A number of the ISLS journals that are considered to be library and information science journals (Nisonger & Davis, 2005) appear between CSIS journals and those in the MGMT cluster. In particular, MIS journals appear between MGMT and the ISLS/CSIS cluster for the first time period.
One application of citing discipline analysis that emerges from this analysis is that of decision support for the additional assignment or reassignment of journals to one or more disciplines.

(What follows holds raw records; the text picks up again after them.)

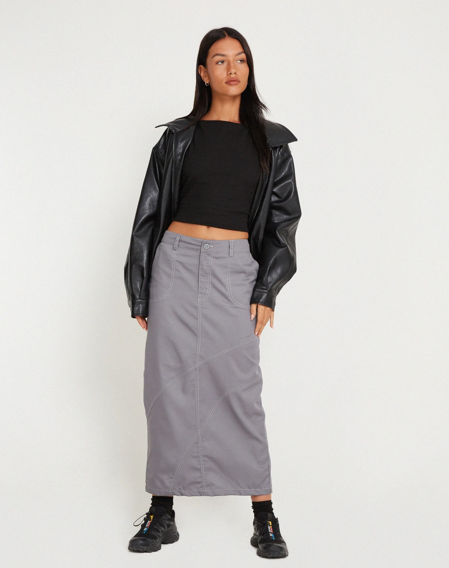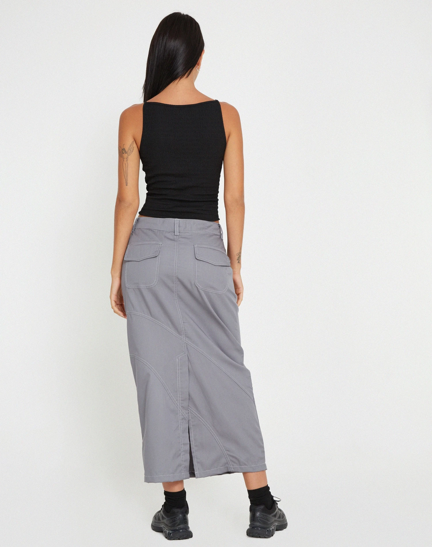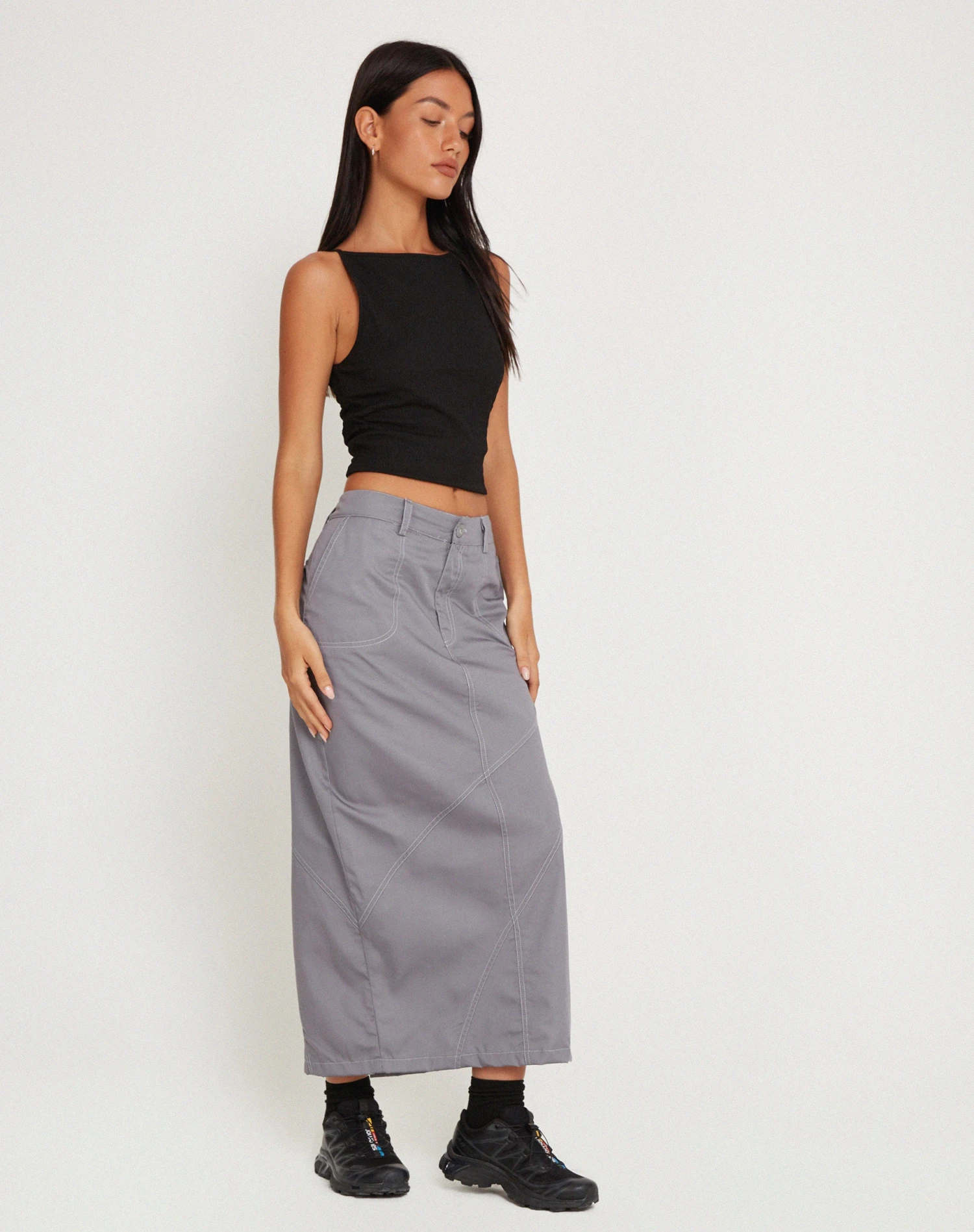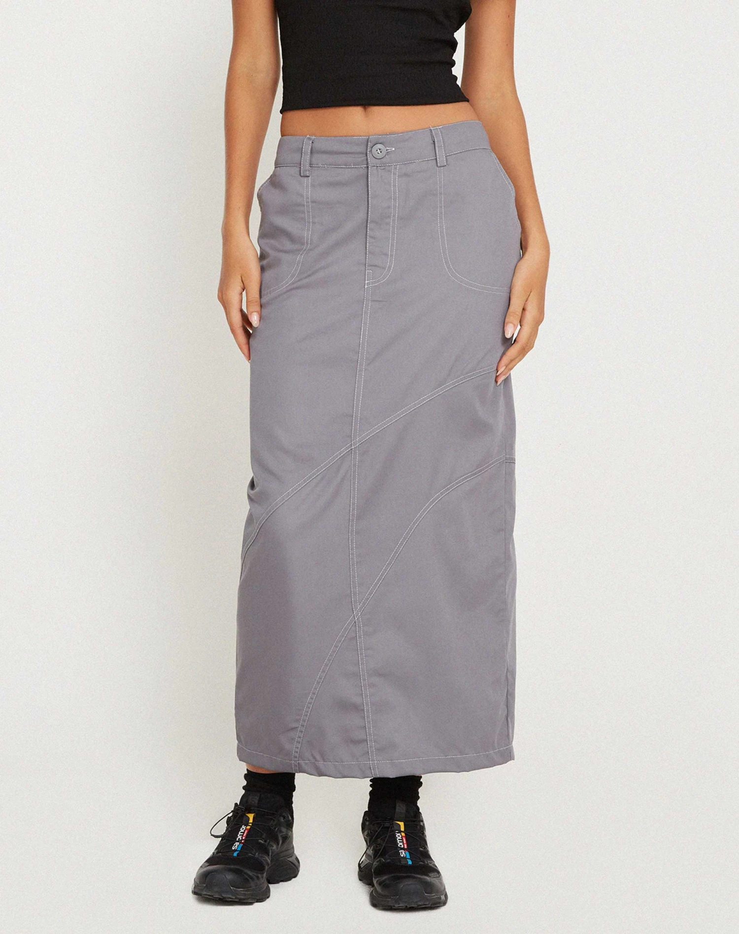 Stay trendy with our Reese cargo skirt. In a charcoal grey cotton drill fabric, it features midi in length with a regular fit, mid-rise waistband and belt loops. Detailed with white contrast top stitching. Simply style with our Dudley top.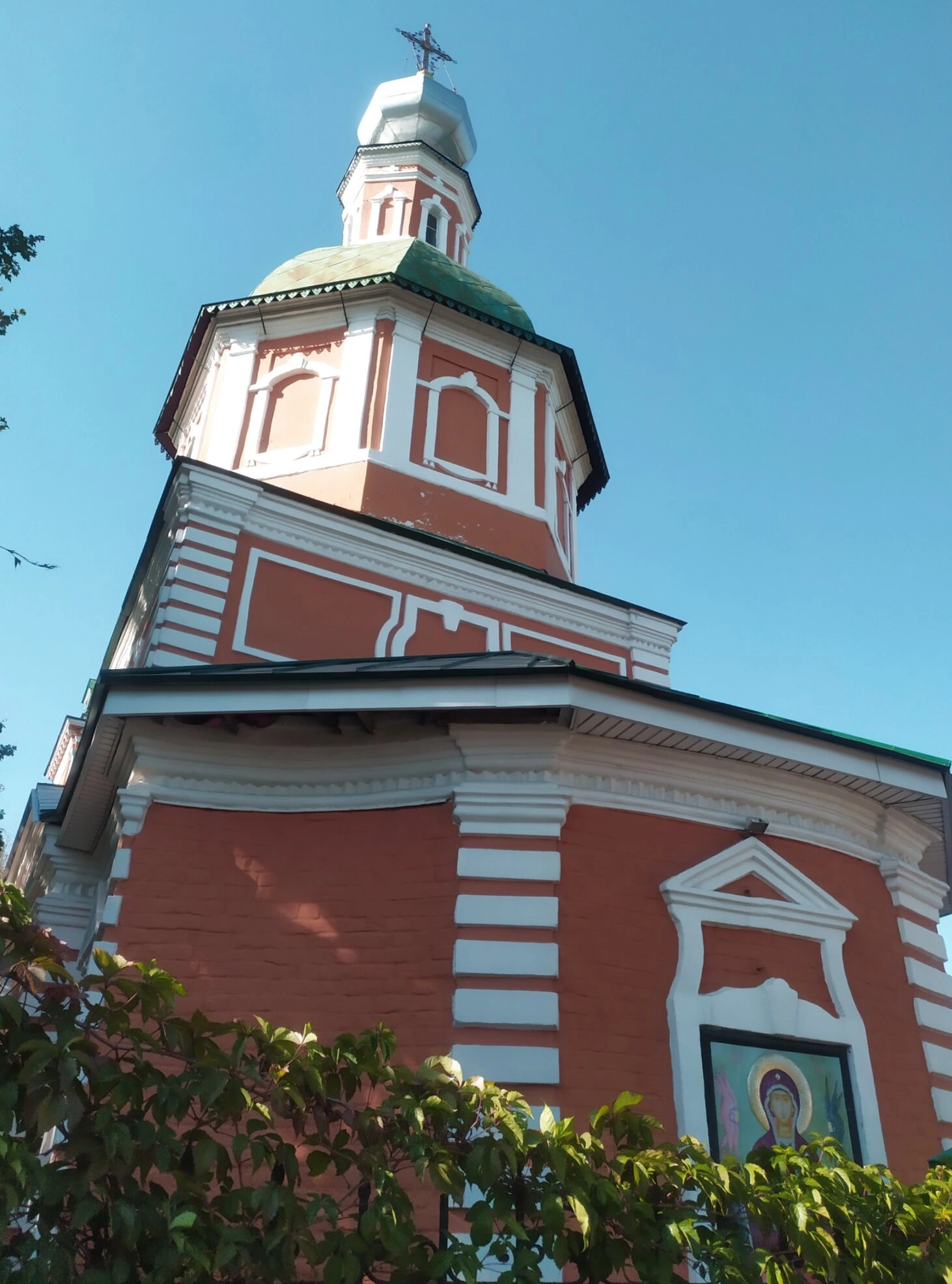 Двухъярусное здание храма с высокой колокольней демонстрирует гармоничные пропорции и изящество архитектурного решения. Стены церкви окрашены в теплый охристый цвет, что создает ощущение особого благолепия, а белоснежные архитектурные детали — наличники окон, пилястры и карнизы — контрастно выделяются на основном фоне, подчеркивая строгость и величие православного храма.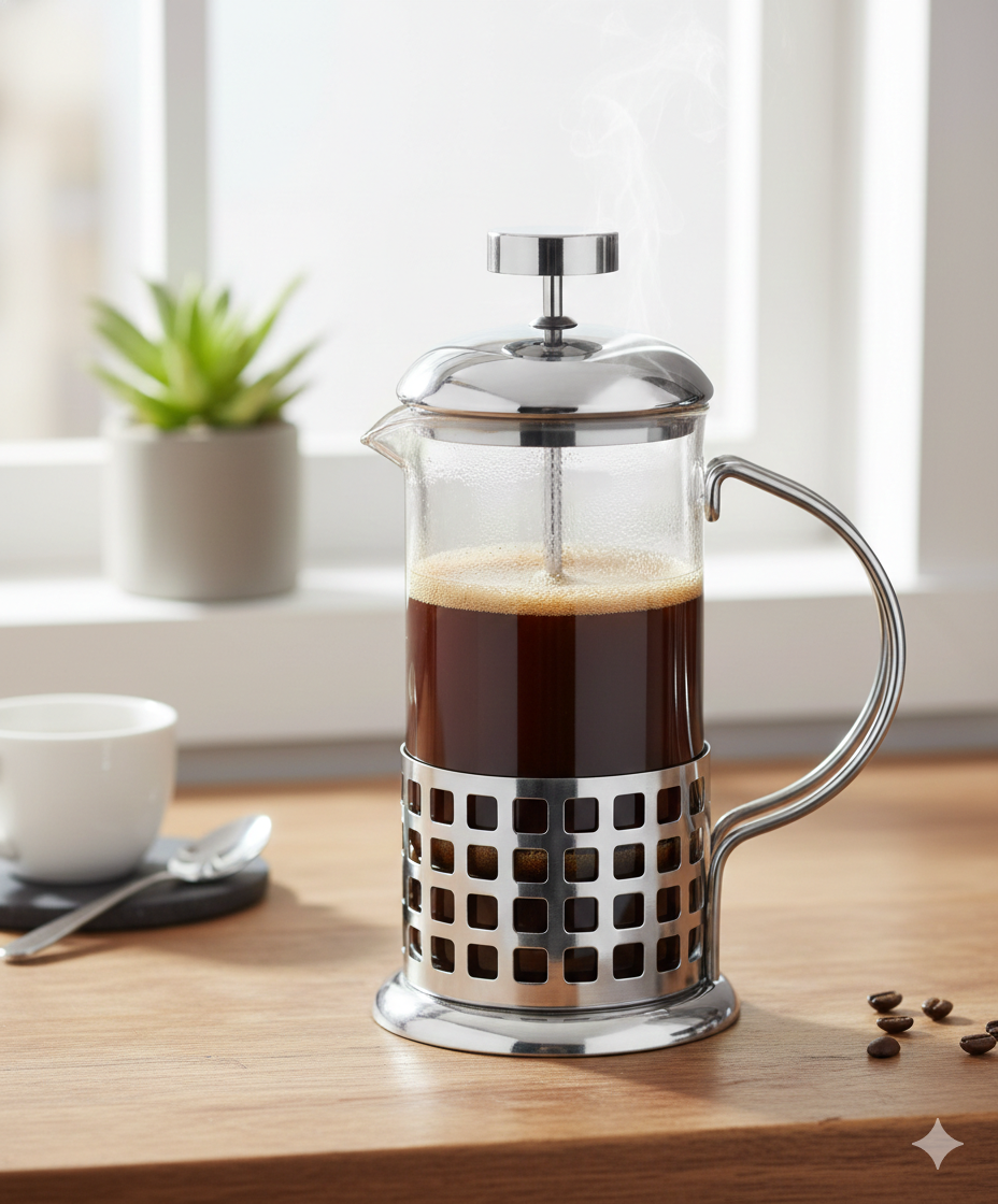 • Puxador Ergonômico: A tampa e o êmbolo possuem acabamento em metal polido, com um pegador confortável para o movimento de prensagem.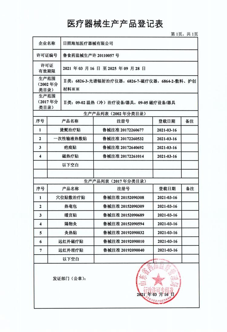 生產(chǎn)企業(yè): 日照海旭醫(yī)療器械有限公司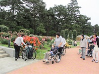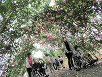 ばら園内はスロープになっていて、車イスでもぐるりと一周まわれます。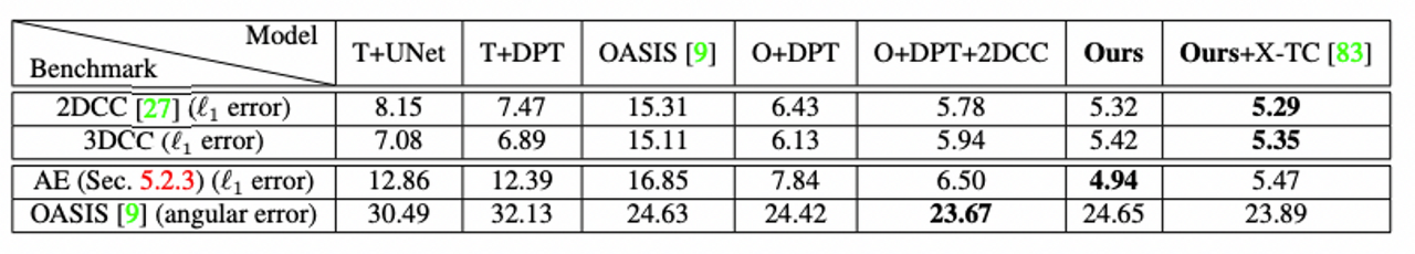 아래 표 1에서, 우리는 2DCC, 3DCC, After Effects, OASIS data에서 계산한 각 모델들의 error을 확인할 수 있다

Journal disciplinary classifications should be revisited over time to accommodate shifts in how journals are being cited by other disciplines. ... However, the shifts are at least an indication that the subject affiliations of the citing the journals are changing.
Citing discipline analysis provides, with some modest programming, a relatively easily implemented method for assessing the similarity of journals within disciplines or across allied disciplines that is computationally less expensive than using citing journal-based data.
The analyses reveal distinct groupings of journals based on their disciplinary assignments. As observed earlier in Wang and Wolfram (forthcoming), who only examined journals in a single field, the current research has demonstrated that citing discipline analysis can provide coherent and meaningful disciplinary groupings for journals in allied fields, even when journals from a more intellectually distant field are included.
The clustering and proximity of some journals classified in allied fields has changed over time, perhaps indicating a changing citing relationship between these fields.